For the breadth of the book, Wright says, “Honestly, there were a few kind of marquee, tentpole women — like Kristin said early on, ‘We’re going to get Carol Burnett in this book. I think she’s going to be excited to share a story.’ We all know she’s cool, but she’s so much cooler. There weren’t many women really going to battle for women and girls back then, but she was definitely a pioneer. But we wanted to talk to educators, attorneys, stay-at-home moms, artists, politicians, media folks. We have gay women, trans women, street women, butch women, femme women and women who lead more traditional, conservative lives.”
Some of the stories revolve around themes involving racism, sobriety, body shaming, coming out, motherhood and other eternal hot-button topics.
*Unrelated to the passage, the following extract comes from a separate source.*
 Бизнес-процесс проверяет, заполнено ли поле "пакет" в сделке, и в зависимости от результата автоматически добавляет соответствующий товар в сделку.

But it should be no surprise that some of the entertainment business stories in particular involve harassment or callousness from those in power that spurred women to stand up for themselves, if not then, then later in their careers.
“I think that in some ways we women in entertainment feel like it’s best to not die on that hill,” Wright notes. “But the world has changed a lot in the past few years and there’s definite power in numbers. WIth Chenowith’s story, she says, ‘I’ll probably never work on CBS again.’ Debra Messing and Melissa Peterman brought really powerful story. They and others talked about what it’s like to be told, ‘Go sit down, we really don’t want to hear from you. There are women lined up 10 deep and 10 wide to have your spot. So Chenowith, if you complain, we’ll move on to the next Chenowith.’
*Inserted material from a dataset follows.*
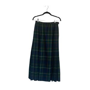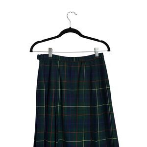 This vintage Pendleton signature tartan skirt in size 6 is the perfect addition to any wardrobe. The midi-length skirt features a classic plaid pattern making it a versatile piece for any occasion. The pleated style adds a touch of sophistication, while the preppy theme is perfect for academia or casual outings. Made of high-quality wool, this skirt is both comfortable and durable.

“I think it’s going to make some people uncomfortable. But our goal in this book was not to make people feel uncomfortable, but to make girls and women feel more comfortable to share these stories sooner, and to lock arms sooner and build coalitions among ourselves sooner. So rather than waiting until we’re 51 or 55 or 70 to tell that that shitty thing that happened to us, we want girls and women to start using their voices at younger ages. And one of the great things about the new generation of girls and women in the world is they are doing that.”
Others to be featured in the book include Lena Waithe, Marlo Thomas, Jennifer Esposito, Shoshanna Bean, Gloria Steinem, Rosanna Arquette, Allison Russell, Ricki Lake, Beanie Feldstein, Renee Fleming, Rosie O’Donnell, Peppermint, Chelsea Handler, Jann Arden, Kelli O’Hara, Aisha Tyler, Kimberly Reed, Jill Fritzo and Emily Saliers.